Couldn't be farther from the truth here. Some friends of ours took their QH foals to a local auction sale. This sale barn has a good reputation and has sold some really high dollar horses in the past and a "typical" sale has buyers from 10-12 states. They have a son of Shining Spark that they bought directly from Carol Rose. Shining Sparks stud fee alone is $12,000 and Carol doesn't leave just anything stallions. They put him in Reining Training and have campaigned him nicely for two years. The vast majority of the foals were palominos. Their price range was $75 for the low and $700 for the high while the majority could have been bought for $150-$200.

We are also in cow country so there are lots of ranch broke horses that go through. Well at least there use to be. Ranches would buy young unbroke colts and ride them for the summer and turn around and sell them for a tidy profit. Those horses are still in demand but are not bringing enough to make it worth their while to do.

Last month when IL was still open the market was somewhat better but hey I'm glad we shut down the kill plants to save the horses.



: Starving is so much more a natural death then a bolt gun.


----------



## windingroad (Oct 27, 2007)

Way too many people are breeding. And breeding mediocre horses. Seeems the only quality a mare needs to have is a uterus. It is much cheaper to purchase one than to breed one these days, and in buying one, offers a much-needed home. Doesn't matter size or breed. We have looked a the enemy, and no one wants to admit--IT IS US.


----------



## jbrat (Oct 28, 2007)

I agree! It is the Breeder's - wether its dogs, horses, cats, ect.

TOO many puppy mills out there. And how can we control it? THose of us who are geniunely concerned will do our part and Geld and spay. But too many will still mass produce and sell off to whomever - to never even wonder if the life they helped create will have a caring happy home, so sad.





I wished I'd win a giant lotto. I would buy up tons of land and help every poor forgotten animal I could.

Those poor ruined (health issues or behavior issues) animals, could have been great animals to some loving individual but unfortnately they got into a bad situation (controlled by a human) which in turned ruined their life.

Sometimes life SUCKS!

I believe we should all have our freedom to do as we like but some people do need limits - I'd hate for anyone to ever step in and say we could only have (?) # of foals a year. I don't breed but wouldn't want my freedom of choice jepordized.

its like the person who has 15+ kids, no job, no desire to try and do better,,,,,,,,,,, OH- you get the point and I could just FLAME so I better stop-

WE are so overcrowding the world and they say the deer and other animals are over populating,, NO WE ARE! and we're hogging up all the land, trashing it with our buildings and pollution then leaving it to rot and just rebuild in a new spot where that nice farm or woods use to be - arrrrghhhhhh!!!

Gotta go!

Sorry to even get it started!! I get sooooo mad about things I can't control or fix!!!!!!!!!

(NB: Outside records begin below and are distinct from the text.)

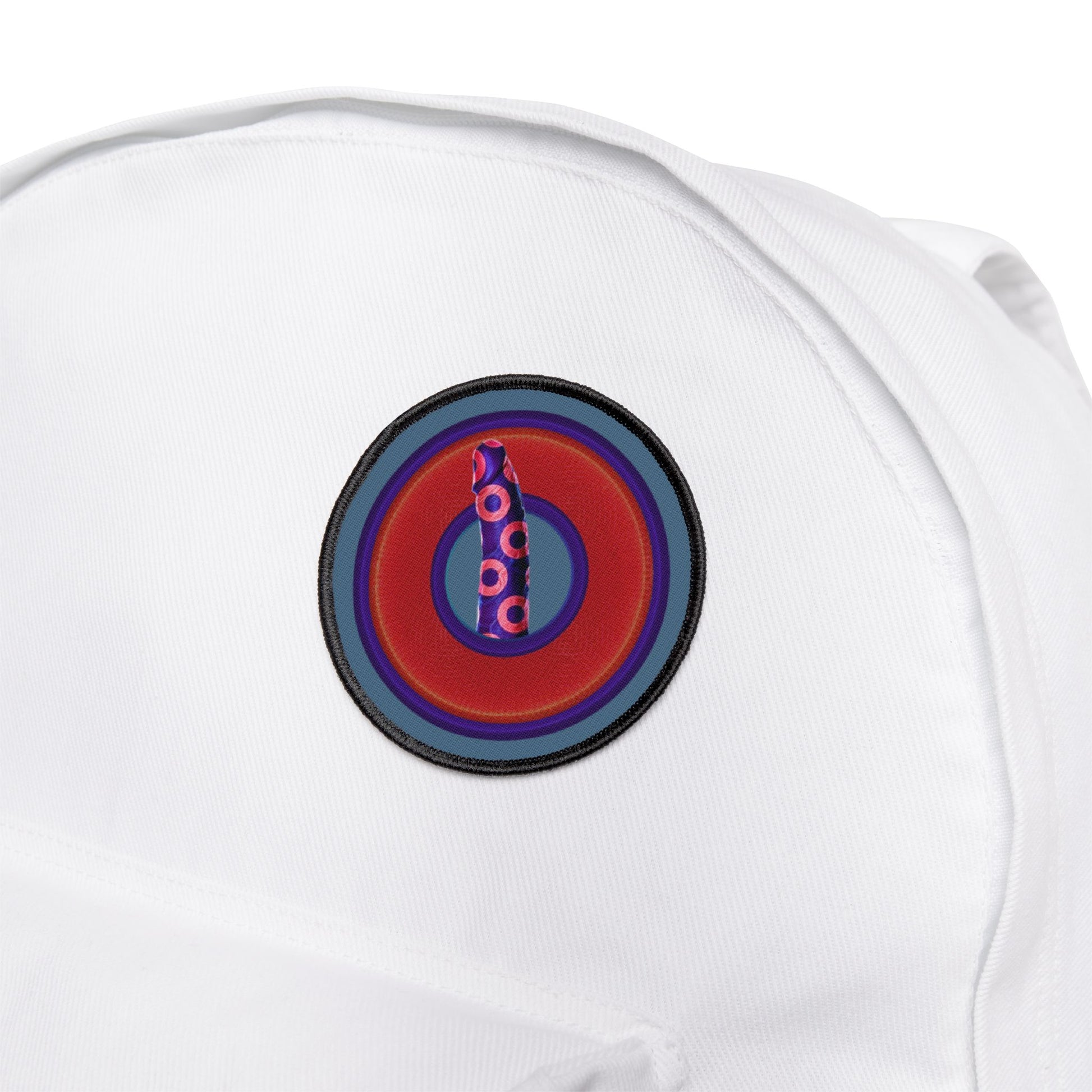 Iron-On Donut Patch - "Sir Richard's Phamous Donut Patch" - rustic red/blue donut - variant 2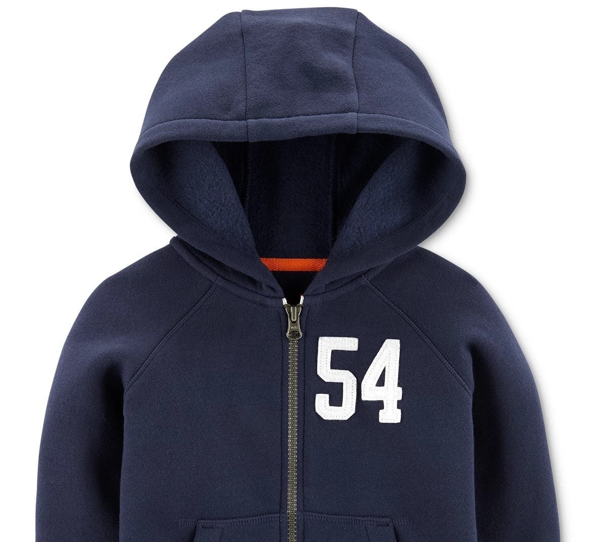 Hooded|Ribbed cuffs and hem|Number appliqués at left chest|Split kangaroo pockets|Zipper closure at front|Cotton/polyester|Machine washable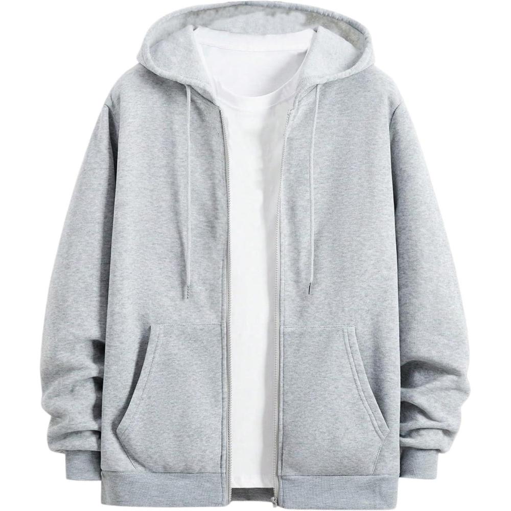 SOLY HUX Men’s Zip Up Hoodies Classic Hooded Sweatshirt Jacket with Pocket Fall Outfit(Plain Grey)

I'd love to breed and raise a few of my very own stock but I see way to many that need saved so I have yet to breed anything.

:cold:



:


----------



## Brandi* (Oct 28, 2007)

Yes I honestly don't think I will ever be able to breed. I did buy Melody and she was in no way mistreated but I didn't feel comfortable taking on a rescue case at this point since I have so much to learn. But in the future I would love to go to the auction, buy the worst off, bring them home and do whats best for them, even if that means paying to have them euthanized. I think that would bring me great satisfaction to know that I am helping them. I just feel so bad for all of them when I go to the auction. They look like they've been through heck and back and they are SO scared, run down and sick. Most of them don't have any life left in their eyes. I get really angry when I see the old grandpa's and grandma's that probably carried the kids around for years, taken to the sale because they just can't do it anymore. The least people could do is pay to put them down. I know not everyone can afford certain things but there is such a thing as budgeting



:


----------